- [TASK BRIEF] Reproduce, from the lines below, exactly the stretch that begins at the line containing "По ГОСТу детская" and ends at the line containing "К 21 февраля", both included.

- [SOURCE DATA]
****************

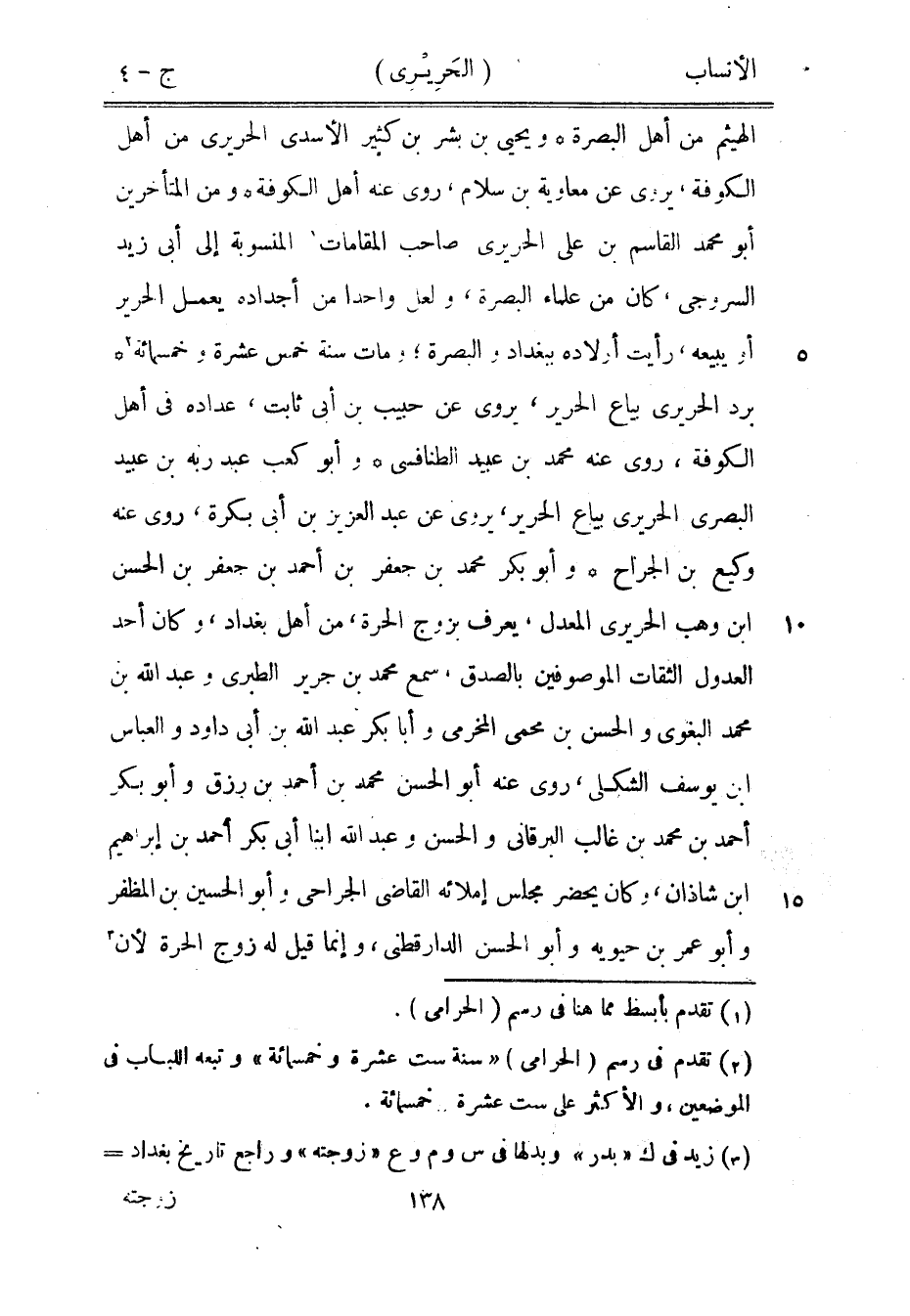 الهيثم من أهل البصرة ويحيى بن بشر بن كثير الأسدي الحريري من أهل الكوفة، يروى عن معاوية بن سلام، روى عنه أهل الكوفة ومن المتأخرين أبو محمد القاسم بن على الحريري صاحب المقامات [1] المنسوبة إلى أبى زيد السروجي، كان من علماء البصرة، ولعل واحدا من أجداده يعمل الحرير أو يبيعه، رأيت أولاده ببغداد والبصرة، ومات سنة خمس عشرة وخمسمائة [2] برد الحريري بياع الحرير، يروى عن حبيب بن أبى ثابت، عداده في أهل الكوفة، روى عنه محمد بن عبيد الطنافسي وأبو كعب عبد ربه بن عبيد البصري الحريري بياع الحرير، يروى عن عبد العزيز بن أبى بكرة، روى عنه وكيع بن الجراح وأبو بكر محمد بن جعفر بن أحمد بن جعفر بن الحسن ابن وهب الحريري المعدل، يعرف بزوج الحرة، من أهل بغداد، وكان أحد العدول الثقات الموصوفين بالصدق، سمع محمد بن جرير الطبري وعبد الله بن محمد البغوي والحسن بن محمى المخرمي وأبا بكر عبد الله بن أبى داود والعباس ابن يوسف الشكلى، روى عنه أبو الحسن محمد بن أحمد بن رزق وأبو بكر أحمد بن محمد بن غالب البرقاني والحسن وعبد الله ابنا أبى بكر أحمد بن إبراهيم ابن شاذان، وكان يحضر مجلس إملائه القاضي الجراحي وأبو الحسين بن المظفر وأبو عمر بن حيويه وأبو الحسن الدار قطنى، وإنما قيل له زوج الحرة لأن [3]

****************

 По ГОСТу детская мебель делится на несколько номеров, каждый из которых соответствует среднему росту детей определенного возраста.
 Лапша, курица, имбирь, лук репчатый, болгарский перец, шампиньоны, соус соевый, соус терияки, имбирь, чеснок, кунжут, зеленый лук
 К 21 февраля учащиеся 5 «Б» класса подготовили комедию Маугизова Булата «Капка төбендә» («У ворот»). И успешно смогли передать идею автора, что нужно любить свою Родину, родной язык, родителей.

****************

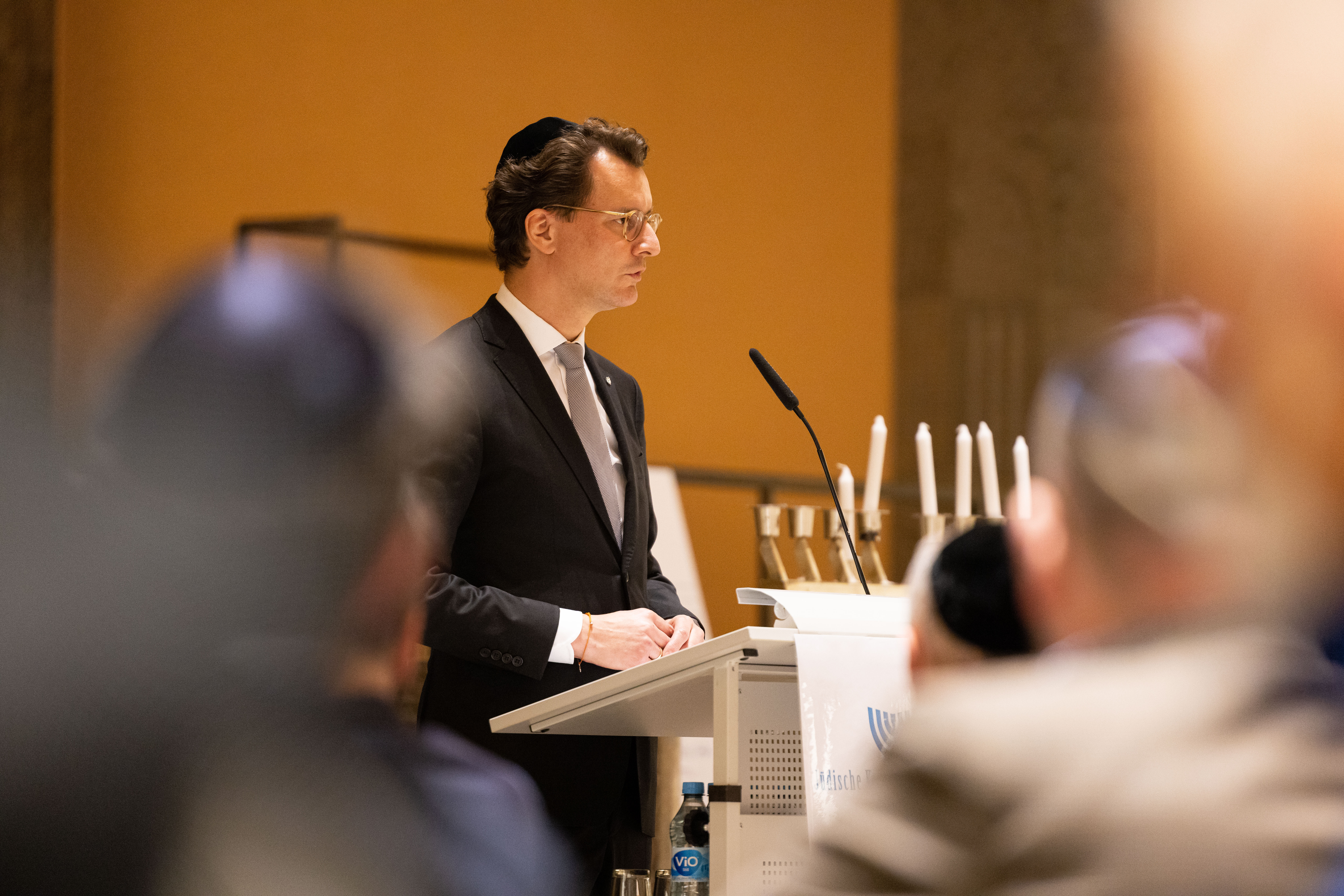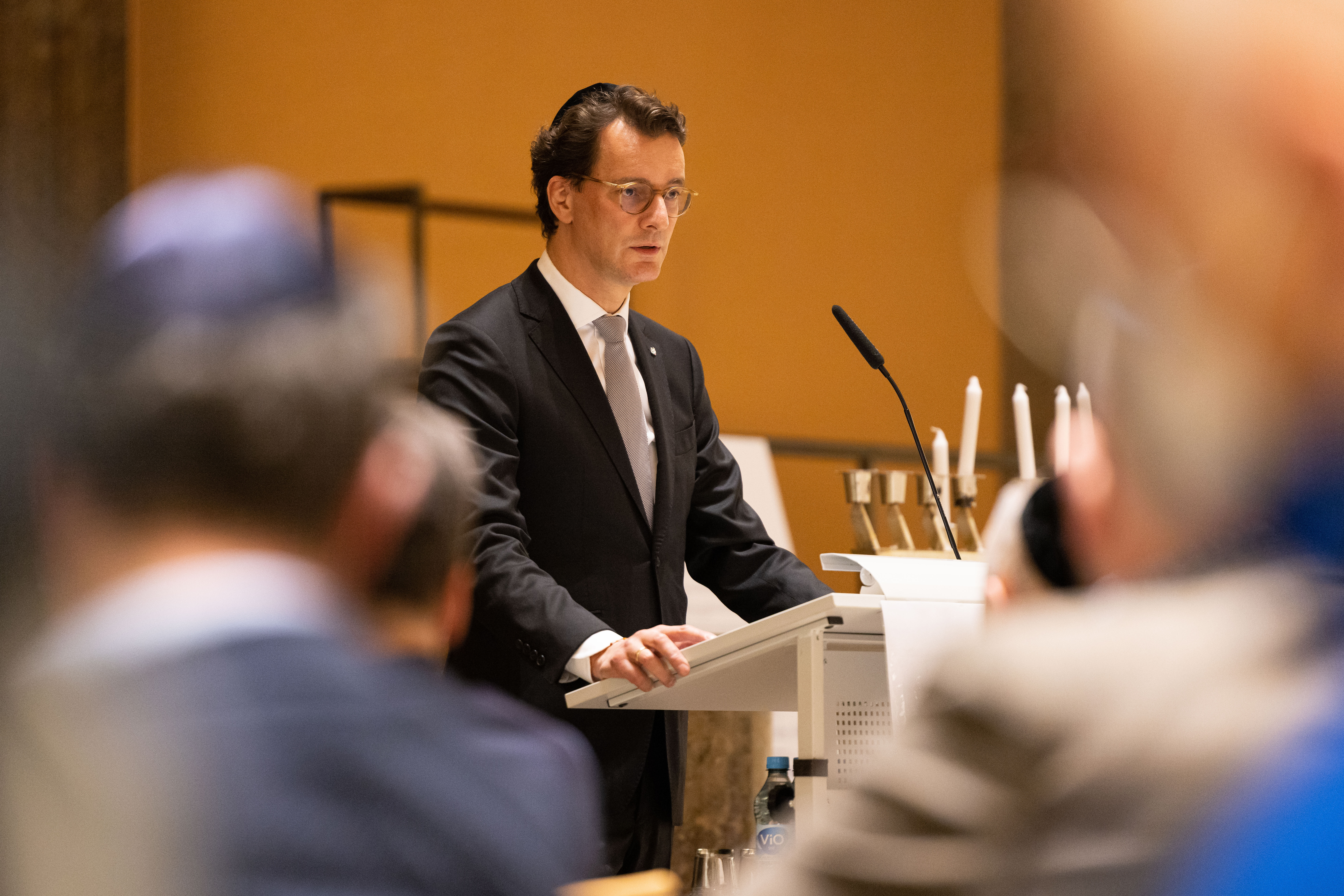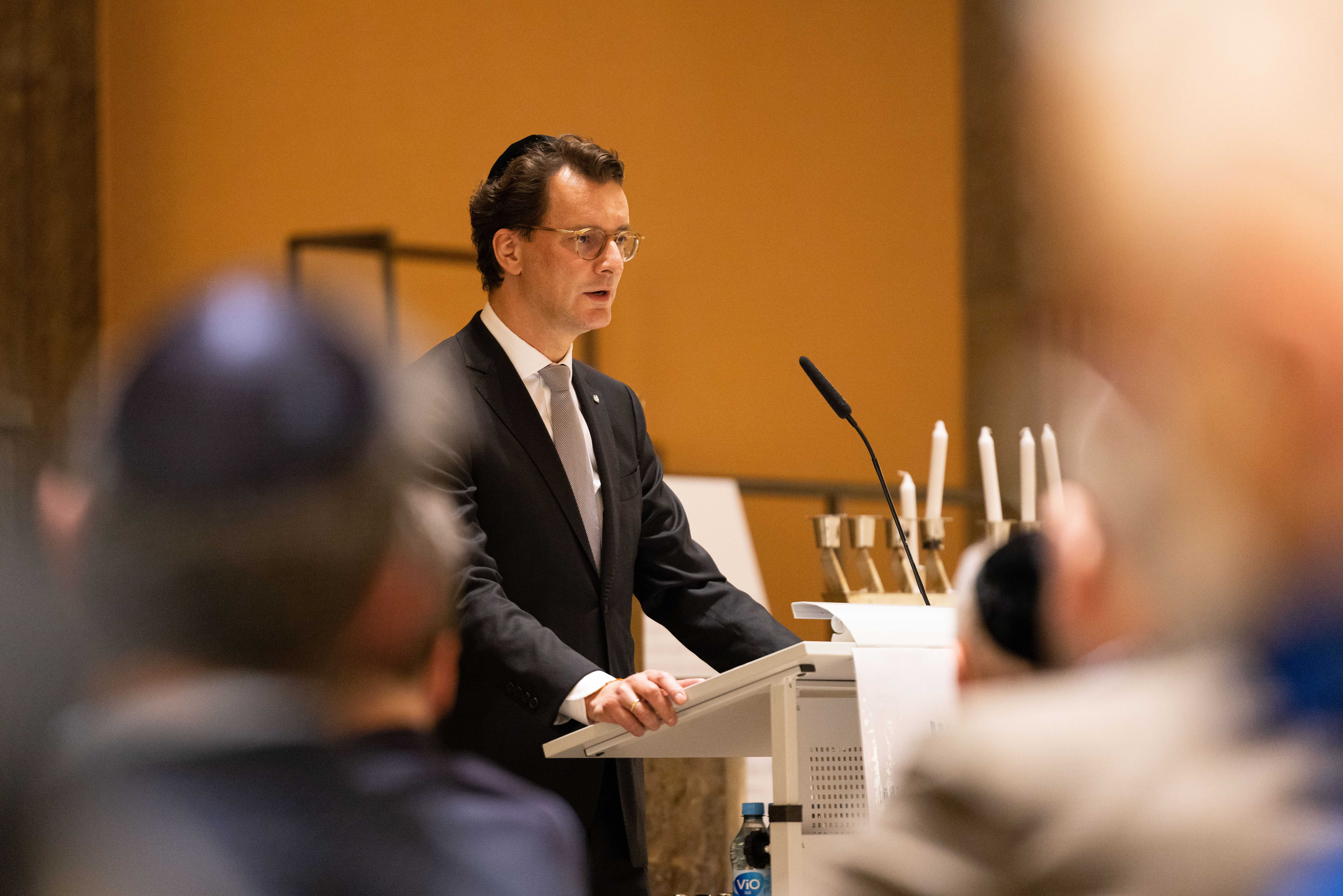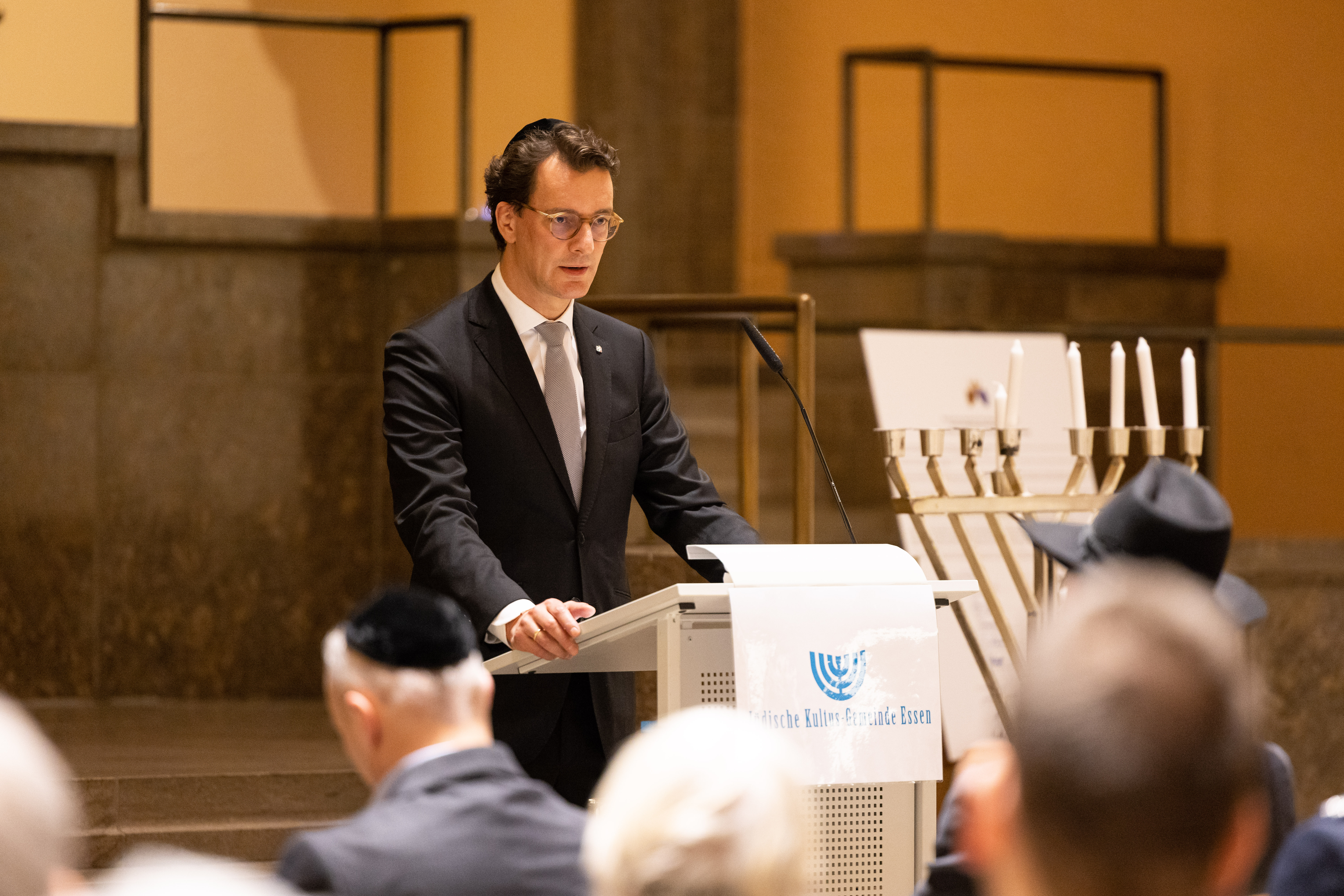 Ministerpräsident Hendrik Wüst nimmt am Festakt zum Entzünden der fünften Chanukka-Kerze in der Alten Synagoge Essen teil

****************

- [ANSWER FOR THIS EXERCISE]
 По ГОСТу детская мебель делится на несколько номеров, каждый из которых соответствует среднему росту детей определенного возраста.
 Лапша, курица, имбирь, лук репчатый, болгарский перец, шампиньоны, соус соевый, соус терияки, имбирь, чеснок, кунжут, зеленый лук
 К 21 февраля учащиеся 5 «Б» класса подготовили комедию Маугизова Булата «Капка төбендә» («У ворот»). И успешно смогли передать идею автора, что нужно любить свою Родину, родной язык, родителей.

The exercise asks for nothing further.